Problem description:
Take the data below and extract the lines from the one with "モルタル調の塗装で屋外にも置" to the one with "Geographical representation. At", inclusive, exactly as written.

Source data:
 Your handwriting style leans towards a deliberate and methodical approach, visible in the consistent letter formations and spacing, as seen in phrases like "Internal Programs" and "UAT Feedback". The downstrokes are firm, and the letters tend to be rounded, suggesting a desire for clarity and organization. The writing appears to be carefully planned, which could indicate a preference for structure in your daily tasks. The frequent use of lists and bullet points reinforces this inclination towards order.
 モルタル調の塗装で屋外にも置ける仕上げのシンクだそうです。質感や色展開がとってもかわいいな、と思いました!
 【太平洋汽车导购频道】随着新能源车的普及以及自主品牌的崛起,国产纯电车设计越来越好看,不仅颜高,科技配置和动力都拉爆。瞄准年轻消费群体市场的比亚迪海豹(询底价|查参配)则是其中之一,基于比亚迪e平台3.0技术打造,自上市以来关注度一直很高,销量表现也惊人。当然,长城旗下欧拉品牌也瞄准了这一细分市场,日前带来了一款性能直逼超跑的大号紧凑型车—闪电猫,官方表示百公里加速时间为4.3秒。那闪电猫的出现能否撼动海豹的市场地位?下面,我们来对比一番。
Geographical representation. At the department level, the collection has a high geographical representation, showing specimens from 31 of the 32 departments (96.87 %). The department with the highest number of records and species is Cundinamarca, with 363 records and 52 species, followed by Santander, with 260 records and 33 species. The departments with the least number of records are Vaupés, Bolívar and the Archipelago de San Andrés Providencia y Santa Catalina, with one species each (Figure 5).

---

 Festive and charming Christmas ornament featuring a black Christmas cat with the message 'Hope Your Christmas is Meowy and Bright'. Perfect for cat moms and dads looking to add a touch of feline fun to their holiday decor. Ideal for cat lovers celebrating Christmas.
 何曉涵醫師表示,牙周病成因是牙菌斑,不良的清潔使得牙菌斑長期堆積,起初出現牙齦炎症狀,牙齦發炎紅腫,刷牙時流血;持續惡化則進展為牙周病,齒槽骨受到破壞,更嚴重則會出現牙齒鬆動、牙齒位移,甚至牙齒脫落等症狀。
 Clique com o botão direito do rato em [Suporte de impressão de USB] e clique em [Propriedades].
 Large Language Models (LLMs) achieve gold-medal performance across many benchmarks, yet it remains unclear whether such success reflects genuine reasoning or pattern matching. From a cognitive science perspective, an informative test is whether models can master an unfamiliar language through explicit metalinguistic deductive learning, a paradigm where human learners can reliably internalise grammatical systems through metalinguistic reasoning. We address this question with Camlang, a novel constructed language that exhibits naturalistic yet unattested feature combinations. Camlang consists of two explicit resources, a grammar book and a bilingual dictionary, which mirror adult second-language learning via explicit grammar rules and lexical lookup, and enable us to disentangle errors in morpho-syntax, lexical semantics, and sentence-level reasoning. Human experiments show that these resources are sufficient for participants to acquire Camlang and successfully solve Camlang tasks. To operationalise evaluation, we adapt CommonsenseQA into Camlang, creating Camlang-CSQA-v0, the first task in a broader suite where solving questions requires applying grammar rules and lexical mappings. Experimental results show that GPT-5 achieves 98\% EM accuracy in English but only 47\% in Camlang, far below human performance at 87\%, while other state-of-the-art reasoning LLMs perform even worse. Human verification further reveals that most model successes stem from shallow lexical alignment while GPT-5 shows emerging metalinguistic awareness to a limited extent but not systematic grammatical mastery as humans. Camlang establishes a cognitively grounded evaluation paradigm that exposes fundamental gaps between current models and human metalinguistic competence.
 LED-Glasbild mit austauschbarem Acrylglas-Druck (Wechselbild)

* * *

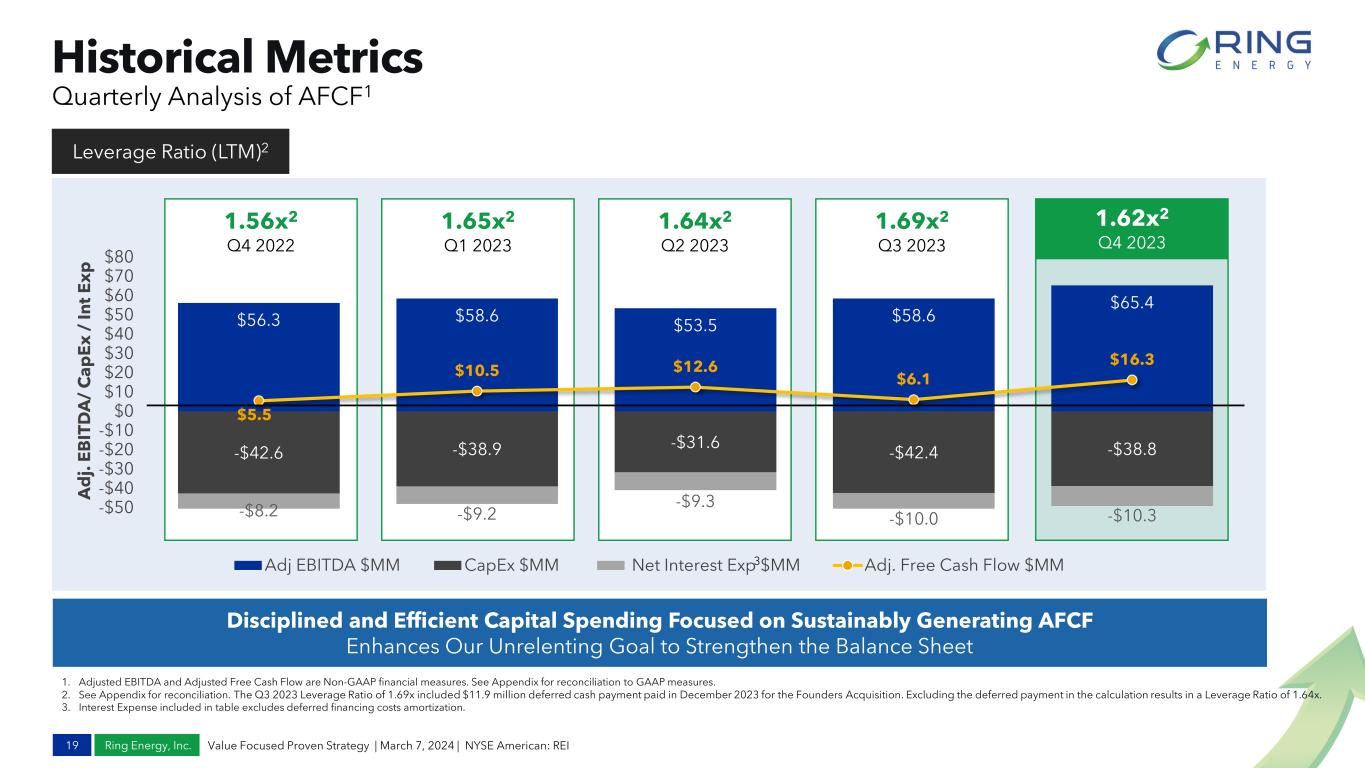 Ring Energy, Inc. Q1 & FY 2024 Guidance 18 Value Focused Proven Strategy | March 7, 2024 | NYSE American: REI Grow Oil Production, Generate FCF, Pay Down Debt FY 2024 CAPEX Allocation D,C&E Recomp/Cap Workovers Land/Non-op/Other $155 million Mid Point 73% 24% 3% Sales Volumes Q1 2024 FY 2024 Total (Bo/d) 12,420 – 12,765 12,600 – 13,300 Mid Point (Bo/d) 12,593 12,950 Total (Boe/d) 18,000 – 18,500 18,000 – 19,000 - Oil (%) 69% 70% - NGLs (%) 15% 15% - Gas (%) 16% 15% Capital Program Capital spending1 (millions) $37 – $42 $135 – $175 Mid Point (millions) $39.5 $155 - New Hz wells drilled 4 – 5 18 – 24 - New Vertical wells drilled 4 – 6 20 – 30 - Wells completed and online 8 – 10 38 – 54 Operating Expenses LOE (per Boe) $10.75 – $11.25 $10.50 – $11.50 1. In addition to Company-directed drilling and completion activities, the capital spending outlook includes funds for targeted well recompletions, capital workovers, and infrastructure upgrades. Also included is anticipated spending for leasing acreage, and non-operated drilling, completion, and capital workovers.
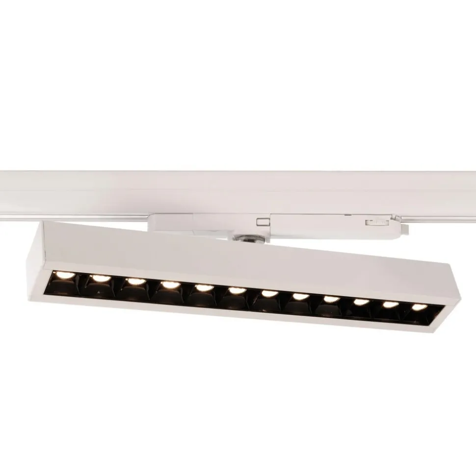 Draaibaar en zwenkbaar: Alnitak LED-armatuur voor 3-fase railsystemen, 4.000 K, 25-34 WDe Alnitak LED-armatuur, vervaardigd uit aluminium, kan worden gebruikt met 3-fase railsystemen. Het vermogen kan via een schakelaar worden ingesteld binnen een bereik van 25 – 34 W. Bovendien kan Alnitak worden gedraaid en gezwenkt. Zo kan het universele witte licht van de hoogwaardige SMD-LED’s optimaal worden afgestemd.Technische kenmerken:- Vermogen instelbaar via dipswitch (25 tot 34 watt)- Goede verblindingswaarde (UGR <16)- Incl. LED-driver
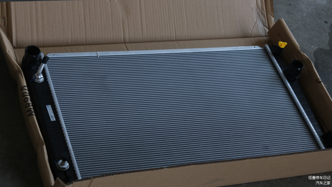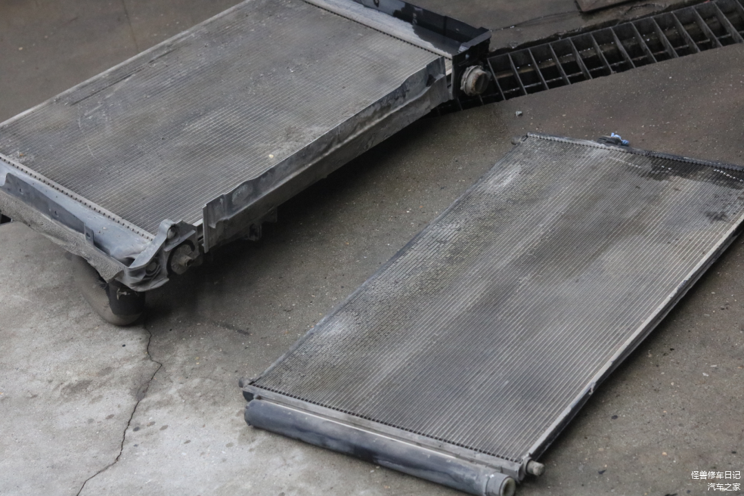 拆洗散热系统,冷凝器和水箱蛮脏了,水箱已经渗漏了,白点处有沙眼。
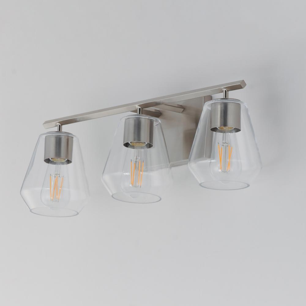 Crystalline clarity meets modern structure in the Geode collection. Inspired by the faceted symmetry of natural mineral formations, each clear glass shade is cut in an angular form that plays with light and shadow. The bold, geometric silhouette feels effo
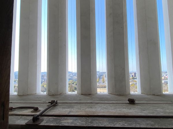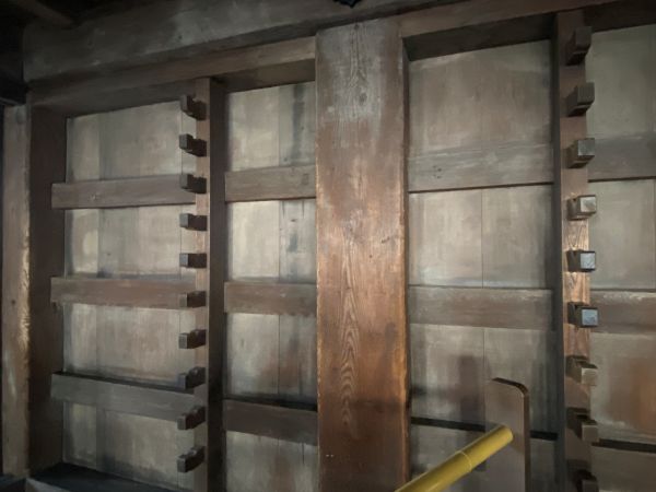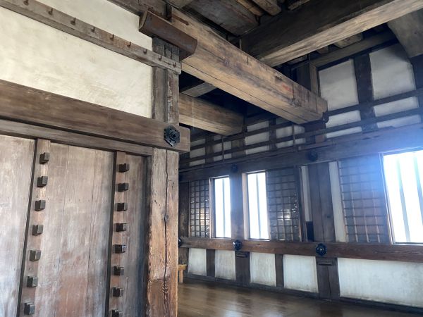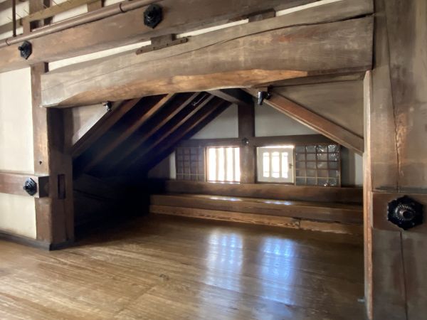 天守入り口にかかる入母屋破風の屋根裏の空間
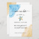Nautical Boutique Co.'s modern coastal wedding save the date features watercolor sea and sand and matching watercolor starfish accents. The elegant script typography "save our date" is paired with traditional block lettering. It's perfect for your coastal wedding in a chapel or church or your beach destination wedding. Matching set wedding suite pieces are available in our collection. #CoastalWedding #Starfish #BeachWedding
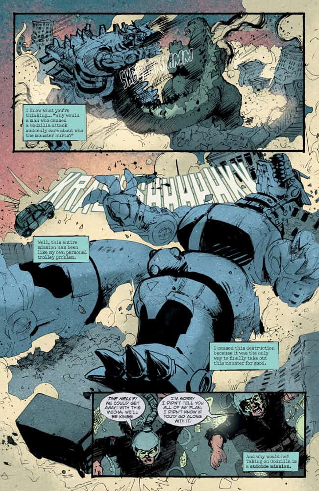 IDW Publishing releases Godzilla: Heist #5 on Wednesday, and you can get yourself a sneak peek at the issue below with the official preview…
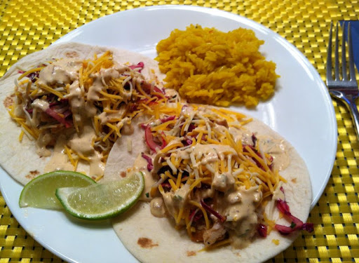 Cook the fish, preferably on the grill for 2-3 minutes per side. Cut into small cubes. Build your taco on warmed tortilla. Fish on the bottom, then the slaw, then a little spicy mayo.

Task output:
 モルタル調の塗装で屋外にも置ける仕上げのシンクだそうです。質感や色展開がとってもかわいいな、と思いました!
 【太平洋汽车导购频道】随着新能源车的普及以及自主品牌的崛起,国产纯电车设计越来越好看,不仅颜高,科技配置和动力都拉爆。瞄准年轻消费群体市场的比亚迪海豹(询底价|查参配)则是其中之一,基于比亚迪e平台3.0技术打造,自上市以来关注度一直很高,销量表现也惊人。当然,长城旗下欧拉品牌也瞄准了这一细分市场,日前带来了一款性能直逼超跑的大号紧凑型车—闪电猫,官方表示百公里加速时间为4.3秒。那闪电猫的出现能否撼动海豹的市场地位?下面,我们来对比一番。
Geographical representation. At the department level, the collection has a high geographical representation, showing specimens from 31 of the 32 departments (96.87 %). The department with the highest number of records and species is Cundinamarca, with 363 records and 52 species, followed by Santander, with 260 records and 33 species. The departments with the least number of records are Vaupés, Bolívar and the Archipelago de San Andrés Providencia y Santa Catalina, with one species each (Figure 5).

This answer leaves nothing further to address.